Un jour son père l’emmène dans une église où il y a un drôle d’instrument : il ressemble à un piano mais il a deux claviers, même un troisième en bas, pour les pieds, avec de grande lames en bois, Rhoda en fait le tour et pendant que son père parle pour les gens dans l’église, elle s’assoit, pose ses deux mains sur les claviers, l’un plus haut que l’autre. Tiens, des boutons… Elle s’amuse à tirer, pousser, mais pas de son ! Ce qui l’intrigue le plus, c’est le clavier pour les pieds .. Hélas, elle est trop petite, elle descend  et joue les grandes touches avec ses mains.

— C’est pour les pieds, pas pour les mains, lui dit son père dont la voix résonne et la fait sursauter.

Il vient lui montrer, appuie sur un bouton.

— Ah, il fallait l’allumer, cet instrument ?

Elle recule d’un bond, se bouche les oreilles, la musique envahit toute l’église, elle regarde médusée les chaussures bouger sur le pédalier.

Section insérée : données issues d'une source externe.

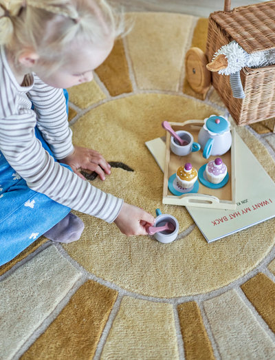 The Sun Rug by Bloomingville MINI is made of wool and features a round design with a friendly sun motif. Its warm colors and soft expression make it a cozy addition to any kids’ room.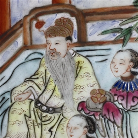 综上所述,我认为这盘的出现可能有以下几种情况。一、嘉庆年间为玉堂仙馆定烧物,不属于外销瓷,而是设计者借用外销瓷的风格;二、玉堂仙馆主人认识老外朋友,比如传教士、外交官等大咖,以此设计老外喜欢的纹饰定烧后送给老外作为礼物;三、嘉庆皇帝定烧送给玉堂仙馆主人;四、嘉庆年间有地位和有权势的人定烧送给玉堂仙馆主人;五、玉堂仙馆自己的定烧物。总之这个盘子的纹饰非常少见,希望有兴趣的朋友共同探讨研究。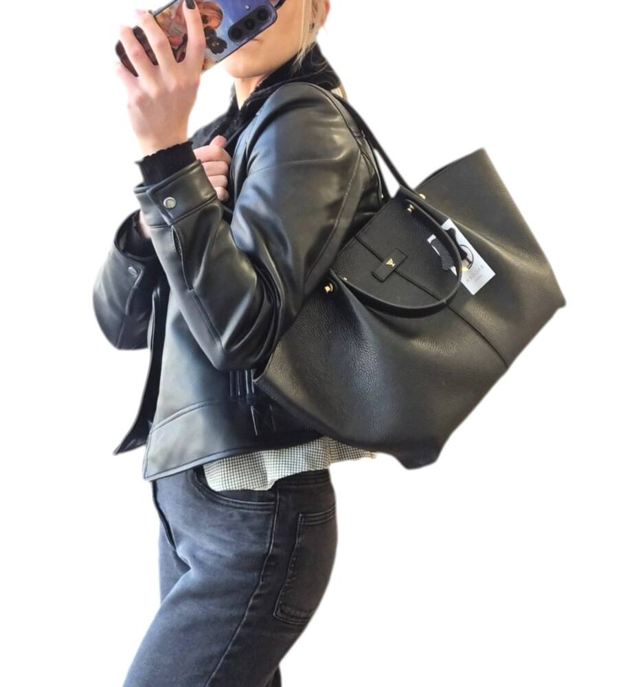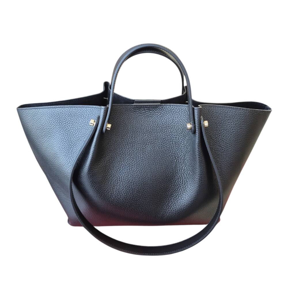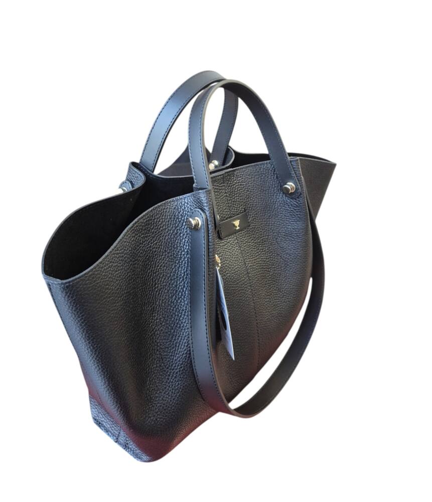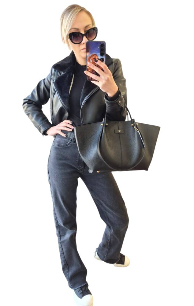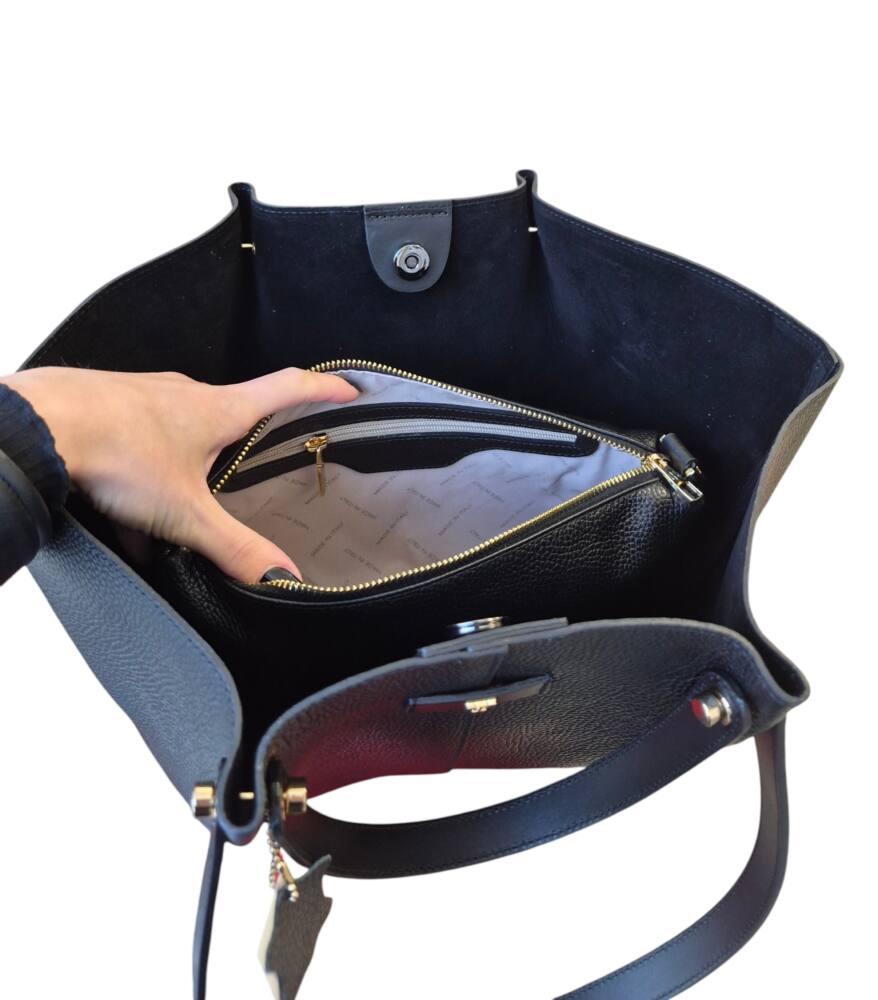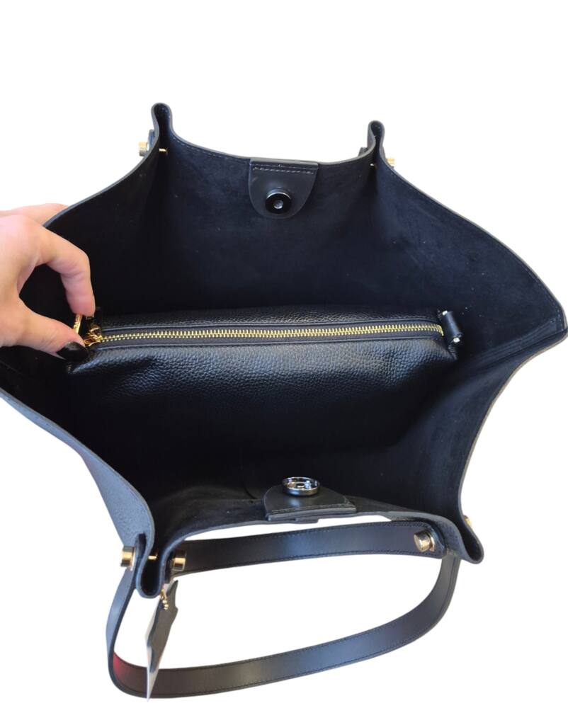 Elegantná dámska kabelka v čiernej farbe so zlatým kovaním do ruky na rameno. Kabelka v strednej veľkosti s vyberateľnou väčšou kozmetickou taškou na zips s vreckom. Kvalitná kabelka z kože pre dámy ktoré si potrpia na kvalitu a moderný, elegantný dizajn. Vhodná do práce ale aj do spoločnosti. Kabelky šité na Slovensku.

Quelque temps après, en pleine nuit, Rhoda se met à chanter très fort en se remuant de tous les côtés, ses parents se précipitent dans la chambre.

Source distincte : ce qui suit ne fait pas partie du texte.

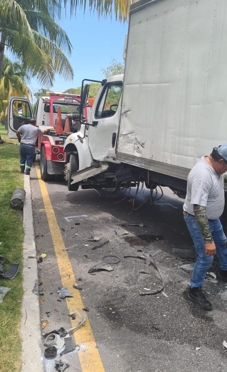 Cancún.- Esta mañana, el conductor de un camión provocó un aparatoso accidente, al cambiar de carril sin preocupación, provocando que una van se impactara en contra, a la altura del kilómetro 3 de la Zona Hotelera.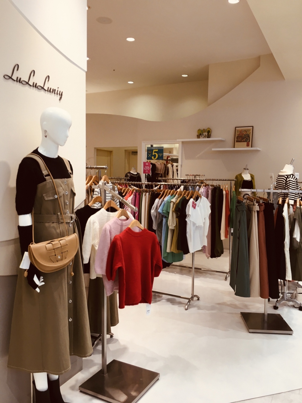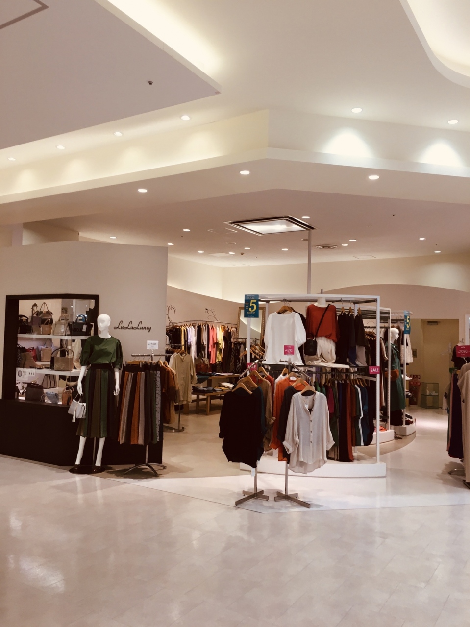 店内はハンガーには掛けて展示している物が多く、濃いめの色合いの服が多かったです。セール中の商品とポイント5倍の商品がありました。ごちゃごちゃ感がなく、ゆったりとした店内で入り口左側にあるマネキンが目立っていました。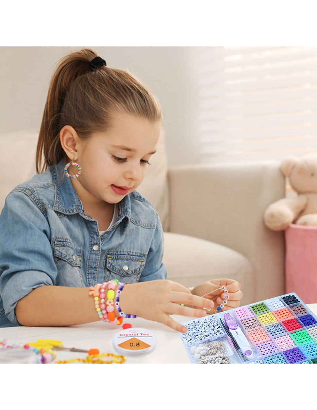 - [Una caja] Cuentas de arcilla polimérica para el kit de hacer pulseras, todo en una caja, contiene todos los accesorios y herramientas necesarios. Usando este kit de cuentas de arcilla se pueden hacer alrededor de 6-9 pulseras y aretes con tus amigos. Deja que estas pulseras de cuentas de arcilla atestigüen tu amistad.

— Elle a dû faire un cauchemar.
— Non, regarde, si elle chante ce n’est pas un cauchemar.

Ils s’approchent et, la voyant bouger ses pieds et ses mains, son père dit :
— Je sais, elle joue de l’orgue Hammond mais comme elle n’est pas assez grande pour en jouer, elle rêve.
— C’est quoi, l’orgue Hammond ?
— Tu veux vraiment savoir ?
— C’est un orgue à roue phonique avec 91 pignons entraînés par un moteur électrique alternatif qui cale sa vitesse de rotation sur la fréquence du courant et tourne dans un champ magnétique émis par un aimant puis une bobine centrée sur chaque aimant qui capte le champ magnétique conduit par les roues constituées par un matériau magnétique…
— Je n’ai rien compris ! Ce n’est pas un instrument, ça, c’est une machine infernale ! Pas étonnant que notre fille gigote comme ça dans tous les sens…

Son père et sa mère se regardent stupéfaits en haussant les épaule et se retirent doucement.

Le temps passe, mais pas assez vite pour Rhoda. Tous les jours elle demande à ses frères et sœurs de tirer sur ses jambes :
— Mais pourquoi tu veux tellement jouer de cet instrument, Rhoda ?
— Il fait une musique qui peut annoncer l’entrée du roi, faire taire tout le monde immédiatement et battre les cœurs, on est tout seul à tout faire, on a tous les pouvoirs !

Rhoda travaille son piano en attendant de grandir. Elle s’entraîne souvent, monte sur le tabouret de l’orgue, promène ses doigts sur les deux claviers mais… encore trop petite pour le pédalier ! Lorsqu’un jour, elle retire ses chaussures,
— D’abord on ne joue pas du piano avec des gants…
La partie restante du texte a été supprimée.